Anecdotal evidence shows these vehicles were designed to operate for 20 years or 300,000 Kms with nothing more than routine maintenance. Well for some of us the 300,000 Kms is already a reality and for all of us the 20 years milestone was at least 5 years back. Every one of these vehicles need a full baseline - even the one that sold $80K on BAT last year with 4k miles on the clock. Rubber and plastic age - it just does. Most owners aren't mechanics and most oil change shops don't have mechanics so the the first time an owner knows he needs to change a part is when the vehicle makes a noise or no longer works.
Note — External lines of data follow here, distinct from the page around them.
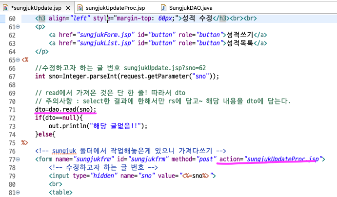 수정 후 결과 페이지인 sungjukUpdateProc.jsp파일을 작성해주어야한다.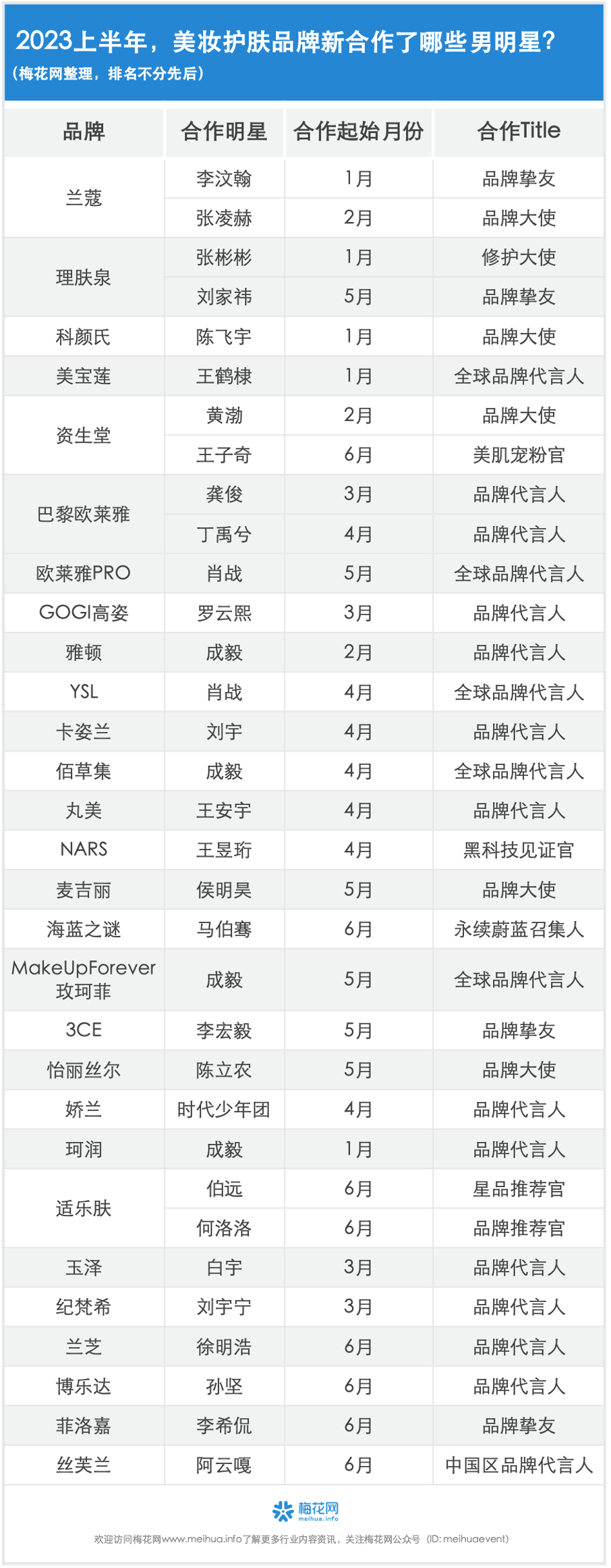 据梅花网不完全统计,仅今年上半年,就有28 家美妆护肤类品牌发布男明星担任代言的消息。不难看出,男明星蚕食美妆类代言市场情况仍在继续。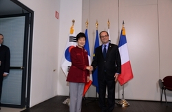 박근혜 대통령은 '제10차 ASEM 정상회의' 참석 계기로 16일 오후 올랑드 프랑스 대통령과 정상회담을 갖고, 지난해 11월 양국 정상회담 후속조치, 양국간 실질 협력방안, 지역 및 국제 정세 등을 협의했다고 17일 청와대는 밝혔다.
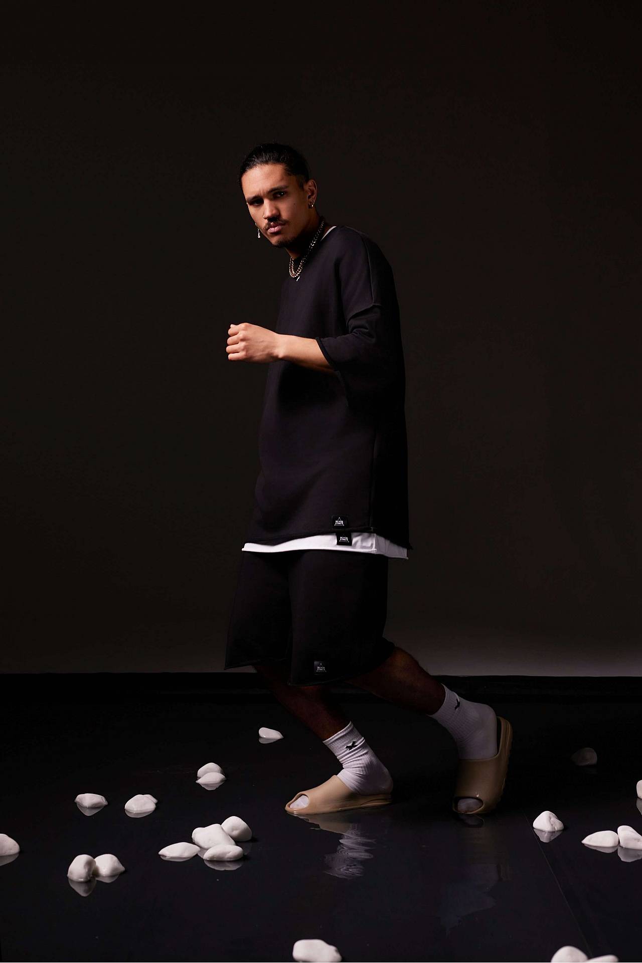 Чтобы сделать более сложным и многослойным образ, мы создали базовые футболки по двум схемам: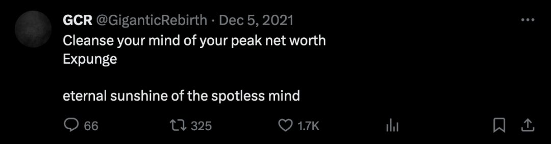 十月份,GCR 发布了他对年轻交易者的建议,要花时间在市场上寻找所有可能的优势。「即使你再活 80 年,也永远不会有如此容易获得世代财富的机会。」这种极度繁荣的状态大约持续了两个月——直到 2021 年 11 月底,Crypto 市场达到了历史最高点。

Even then it is likely that only 1 part is changed - 1 coolant hose that started leaking. The rest are obviously just fine because they are not leaking but it isn't long until the next hose fails or the radiator leaks and the owner starts thinking "WTF, time to get shot of this 25 year old POS". Then you come along....the PO made a decision to sell and not to be bothered with the maintenance list that will grow. When you buy it it is with the knowledge of what the PO did or didn't do. There should be no surprises on what is required going forward. Baselining should be done on a system basis (Cooling system, Fuel/Ignition system, Suspension system etc.) If you piecemeal it then you will always be chasing your tail and never more than one failed part away from a catastrophe.
A good baseline strategy will give you another 15-20 years of minimal maintenance and outstanding reliability and way less than a monthly car payment.
Yea AFAIK the fluids in mine (other than oil) had only been changed once at 130k miles at a Toyota dealer (I think coolant was flushed again when PO replaced radiator).

I agree it's a better approach to just do a $5-10k upfront baseline on these. Fixing things as they break just leads to frustration IME.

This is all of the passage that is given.